Navigate into the app-template folder:

cd app-template

Download the example data and put it in the input folder:

curl -o example_input.zip https://geodeepdive.org/dev_subsets/example_input.zip
unzip -j example_input.zip -d ./input
rm example_input.zip

Using the various data products in the input folder, begin to develop your application. For a summary of what kind of data products are available, please see the data products page. Additionally, there is a very simple example application that can be found in the example_app directory of the app-template. What this application does and what kind of output it creates is entirely up to you!

There are two primary ways to use the Natural Language Processing (NLP) products - directly by reading the TSV files into your application, or by first importing them into PostgreSQL and querying them via your application. The latter is recommended because it is easier to write scalable, memory-efficient applications.

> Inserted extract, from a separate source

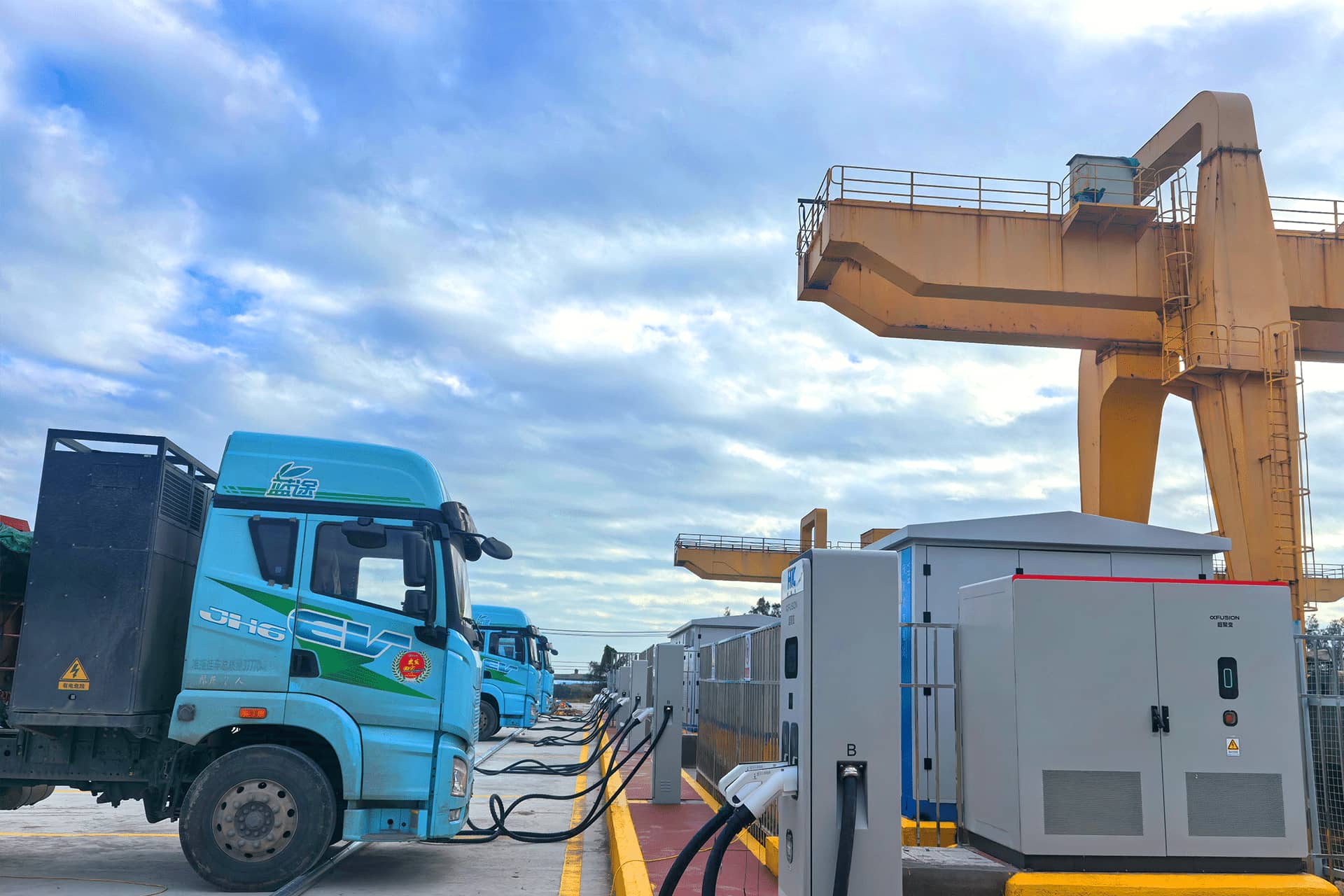 示范站现场配置6台超聚变800KW分体式智能直流充电主机及31台超(快)充终端,依托超聚变核心功率魔方技术,实现模块化并柜扩容,可灵活组建兆瓦级充电功率池,从容应对大规模重卡集群的高效补能及未来扩容需求,充分保护用户投资。

If you are using OS X, it is recommended that you use Postgres.app. Download the most recent version, and be sure to follow the instructions for setting up the command line tools. Next, edit the file credentials.yml with your local Postgres credentials. If you are using Postgres.app, your username will be your computer's username. For the database name, choose a name for which a database does not currently exist. By default, Postgres runs on port 5432.

Finally, to create the database, run make local_setup. This will import the TSV files in the input directory into the new Postgres database.

Once you have developed an application that does roughly what you intend it to do, edit the file config.yml with your information. For a description of the fields in that file, please see the config page.

Send an email to [email protected] with a description of your application and link to your Github repository that contains your fork of app-template. We will then use your configuration file to cull the corpus to create an application-specific testing set that contains all the same data products found in the example data testing set. When it has been generated, we will provide you with a link to this data.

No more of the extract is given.